Data shown:
|---|
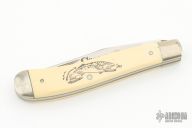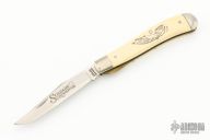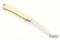 This knife by Schrade features a satin finished blade with a single nail nick. The handle has nickel silver bolsters, white paper micarta covers, brass liners and stainless steel springs. Has a few light scratches, otherwise excellent condition.
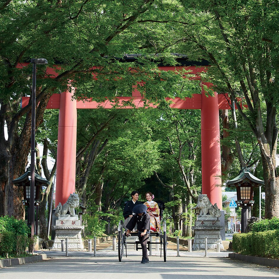 家から近いので打ち合わせに参加しやすかったです。(ここが地味に大事) 遠方のゲストが新幹線でアクセスしやすいため。 神社が近くにあり、参道前で写真を撮ることができる。 人力車がある。
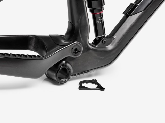 The brake caliper mount is attached to the inside of the chain- stay. This integrates the brake caliper nicely and allows the seat stays to flex unobstructed. The new rear triangle has slightly more curved seat and chainstays to further improve freedom of movement. Brake discs up to 203 mm are possible. Manufacturing advances also make it possible to laminate the threaded inserts directly. The result is a more precise mounting face on the post mount and a higher load capacity.
|---|
About this task: Beginning with the line containing "遠方のゲストが新幹線でアクセスしやすいため。 神社が近くにあり、参道前で写真を撮ることができる。 人力車がある。" and ending with the last line of the data above, repeat each line exactly. Include no pictures and no other lines.

Exercise result:
 家から近いので打ち合わせに参加しやすかったです。(ここが地味に大事) 遠方のゲストが新幹線でアクセスしやすいため。 神社が近くにあり、参道前で写真を撮ることができる。 人力車がある。
 The brake caliper mount is attached to the inside of the chain- stay. This integrates the brake caliper nicely and allows the seat stays to flex unobstructed. The new rear triangle has slightly more curved seat and chainstays to further improve freedom of movement. Brake discs up to 203 mm are possible. Manufacturing advances also make it possible to laminate the threaded inserts directly. The result is a more precise mounting face on the post mount and a higher load capacity.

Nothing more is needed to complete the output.